A Thin-Layer Electrochemical Cell for Infrared Spectroscopic Measurements of the Electrode/Electrolyte Interface

Abstract

A thin-layer electrochemical cell which allows for the convenient measurement of infrared reflection-absorption spectra (IRRAS) of the electrode/electrolyte interphase has been designed and built. In order to minimize the thickness of the electrolyte in front of the electrode surface, one mounts the working electrode on the end of a piston so that it can be pressed against an infrared window. Infrared radiation is then reflected from the electrode surface via the infrared window without experiencing severe attenuation due to the electrolyte.
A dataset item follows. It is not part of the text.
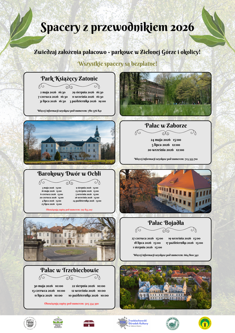 Wszystkie spacery są bezpłatne, ale w przypadku Barokowego Dworku w Ochli i Pałacu w Trzebiechowie obowiązują wczesniejsze zapisy. Dokładny harmonogram spacerów znajduje się na ilustracji głównej.
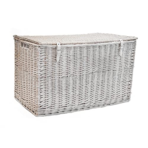 Arthur Cameron - Lightweight Wicker Storage Trunk, Storage Box with Lid & Leather Straps - Woven Chest, Basket, Large Wicker Basket with Lid (White Wash, Extra Large)

Contaminants are minimized by the machining of both the cell body and piston from an inert fluorocarbon plastic. Calcium fluoride was chosen as the window material because of its transparency, its low refractive index, and its low solubility in aqueous electrolyte. The use of this cell in a Fourier transform infrared reflection-absorption spectrometer utilizing polarization modulation is described. The IRRAS spectra obtained from this cell have been analyzed with the use of the generalized Fresnel equations for stratified media. Some of the computational results for the water/silver electrode interphase are used to interpret the measured spectra of water near the electrode. The discussion includes infrared intensity distributions in aqueous media and their influence on the IRRAS measurement.